From a large set of regexes, extract distinguishing literal tokens,
match the tokens against the input, reverse-lookup which regexes the
matching tokens correspond to, and only run the corresponding regexes
on the input.

This extraction is done by gathering literal items, converting them to
content sets, then symbolically executing concatenations and
alternations (`|`) in order to find out what literal items *need* to
be present in the haystack for this regex to match.
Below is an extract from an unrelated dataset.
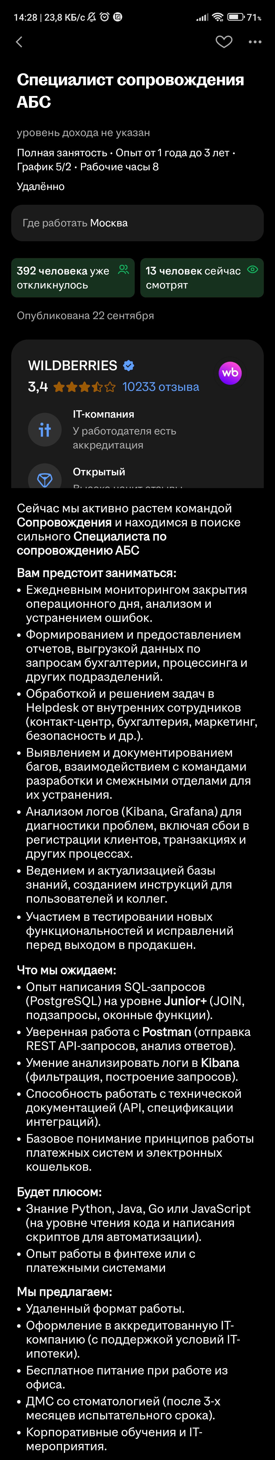 Все равно не понимаю, как им это поможет. Ну типа ок, в этих вакухах нужны скиллы в sql. Но В обычное тп можно по сути с улицы попасть, и на них тоже всегда дохуя было людей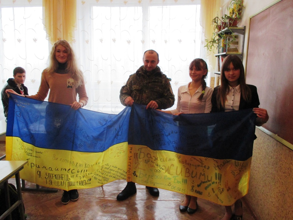 Учні написали свої побажання, звернення до воїнів на прапорах, які майорять, як символ перемоги, нескореності.

A reverse index is
then built from literal items to regexes.

At match time, a prefilter is run checking which literals are present
in the haystack then find out what regexes that corresponds to,
following which the regexes themselves are matched against the
haystack to only return actual matching regexes.

## Divergences

While [`FilteredRE2`] requires the user to perform prefiltering,
`regex-filtered` handles this internally: [`aho-corasick`] is pretty
much ideal for that task and already a dependency of [`regex`] which
`regex-filtered` based on.

## TODO

- add a stats feature to report various build-size infos e.g.

  - number of tokens
  - number of regexes
  - number of unfiltered regexes, this would be useful to know if
    prefiltering will be done or a naive sequential application would
    be a better idea.
  - ratio of checked regexes to successes (how does it work with lazy
    iterators?)
  - total / prefiltered (- unfiltered) so atom size impact can be
    evaluated
  - also maybe mapper stats on the pruning stuff and whatever
  
[`aho-corasick`]: https://docs.rs/aho-corasick/
[`FilteredRE2`]: https://github.com/google/re2/blob/main/re2/filtered_re2.h
[`regex`]: https://docs.rs/regex/
[`regex-syntax`]: https://docs.rs/regex-syntax/